• [WORK TO COMPLETE]
From the entries below, reproduce exactly the line containing "This trend didn’t", the line containing "所以,我们在吃火龙果的时候,尽量不要丢弃", and every line in between, with nothing added.

• [PROVIDED RECORDS]
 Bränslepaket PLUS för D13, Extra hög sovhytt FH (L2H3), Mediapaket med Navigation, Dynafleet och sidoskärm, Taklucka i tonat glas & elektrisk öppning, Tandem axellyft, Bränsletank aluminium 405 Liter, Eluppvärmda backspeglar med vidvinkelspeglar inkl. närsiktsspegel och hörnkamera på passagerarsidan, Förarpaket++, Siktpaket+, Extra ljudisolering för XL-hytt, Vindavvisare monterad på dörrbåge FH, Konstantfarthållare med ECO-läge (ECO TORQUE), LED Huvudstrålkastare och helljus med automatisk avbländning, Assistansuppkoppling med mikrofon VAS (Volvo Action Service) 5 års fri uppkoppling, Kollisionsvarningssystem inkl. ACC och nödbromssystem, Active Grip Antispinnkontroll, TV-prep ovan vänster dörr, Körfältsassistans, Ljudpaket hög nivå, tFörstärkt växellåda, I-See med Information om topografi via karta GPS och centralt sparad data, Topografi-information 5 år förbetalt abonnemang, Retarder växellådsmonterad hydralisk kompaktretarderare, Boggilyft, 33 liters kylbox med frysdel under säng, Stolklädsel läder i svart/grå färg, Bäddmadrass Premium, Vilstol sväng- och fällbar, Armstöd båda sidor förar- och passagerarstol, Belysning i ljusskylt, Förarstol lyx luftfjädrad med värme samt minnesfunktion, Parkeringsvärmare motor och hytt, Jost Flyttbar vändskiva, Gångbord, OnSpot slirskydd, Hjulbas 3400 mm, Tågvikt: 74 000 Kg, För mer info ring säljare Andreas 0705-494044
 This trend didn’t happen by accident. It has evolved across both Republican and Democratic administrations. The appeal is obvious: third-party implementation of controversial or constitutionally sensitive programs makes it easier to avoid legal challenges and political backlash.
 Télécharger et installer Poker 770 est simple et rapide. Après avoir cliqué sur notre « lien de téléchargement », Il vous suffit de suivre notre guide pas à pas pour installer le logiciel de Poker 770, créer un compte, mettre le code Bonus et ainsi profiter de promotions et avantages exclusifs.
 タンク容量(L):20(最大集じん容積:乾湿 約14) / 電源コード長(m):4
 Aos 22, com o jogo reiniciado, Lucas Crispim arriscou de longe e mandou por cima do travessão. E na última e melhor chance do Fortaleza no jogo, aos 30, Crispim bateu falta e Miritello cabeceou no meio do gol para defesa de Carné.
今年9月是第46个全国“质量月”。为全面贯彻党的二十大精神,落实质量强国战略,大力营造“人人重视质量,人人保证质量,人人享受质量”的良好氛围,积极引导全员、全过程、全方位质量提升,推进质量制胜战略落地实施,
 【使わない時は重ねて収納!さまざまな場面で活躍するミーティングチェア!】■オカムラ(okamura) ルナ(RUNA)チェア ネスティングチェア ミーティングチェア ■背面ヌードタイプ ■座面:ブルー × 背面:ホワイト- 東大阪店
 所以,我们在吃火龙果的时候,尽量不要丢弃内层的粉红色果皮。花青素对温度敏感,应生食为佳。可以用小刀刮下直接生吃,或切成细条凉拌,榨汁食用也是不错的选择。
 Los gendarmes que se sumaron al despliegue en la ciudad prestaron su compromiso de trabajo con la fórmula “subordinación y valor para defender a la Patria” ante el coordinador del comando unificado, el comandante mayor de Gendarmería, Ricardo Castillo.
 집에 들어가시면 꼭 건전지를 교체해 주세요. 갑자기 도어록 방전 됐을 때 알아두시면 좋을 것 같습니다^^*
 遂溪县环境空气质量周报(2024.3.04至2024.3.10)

• [WRITTEN SOLUTION]
 This trend didn’t happen by accident. It has evolved across both Republican and Democratic administrations. The appeal is obvious: third-party implementation of controversial or constitutionally sensitive programs makes it easier to avoid legal challenges and political backlash.
 Télécharger et installer Poker 770 est simple et rapide. Après avoir cliqué sur notre « lien de téléchargement », Il vous suffit de suivre notre guide pas à pas pour installer le logiciel de Poker 770, créer un compte, mettre le code Bonus et ainsi profiter de promotions et avantages exclusifs.
 タンク容量(L):20(最大集じん容積:乾湿 約14) / 電源コード長(m):4
 Aos 22, com o jogo reiniciado, Lucas Crispim arriscou de longe e mandou por cima do travessão. E na última e melhor chance do Fortaleza no jogo, aos 30, Crispim bateu falta e Miritello cabeceou no meio do gol para defesa de Carné.
今年9月是第46个全国“质量月”。为全面贯彻党的二十大精神,落实质量强国战略,大力营造“人人重视质量,人人保证质量,人人享受质量”的良好氛围,积极引导全员、全过程、全方位质量提升,推进质量制胜战略落地实施,
 【使わない時は重ねて収納!さまざまな場面で活躍するミーティングチェア!】■オカムラ(okamura) ルナ(RUNA)チェア ネスティングチェア ミーティングチェア ■背面ヌードタイプ ■座面:ブルー × 背面:ホワイト- 東大阪店
 所以,我们在吃火龙果的时候,尽量不要丢弃内层的粉红色果皮。花青素对温度敏感,应生食为佳。可以用小刀刮下直接生吃,或切成细条凉拌,榨汁食用也是不错的选择。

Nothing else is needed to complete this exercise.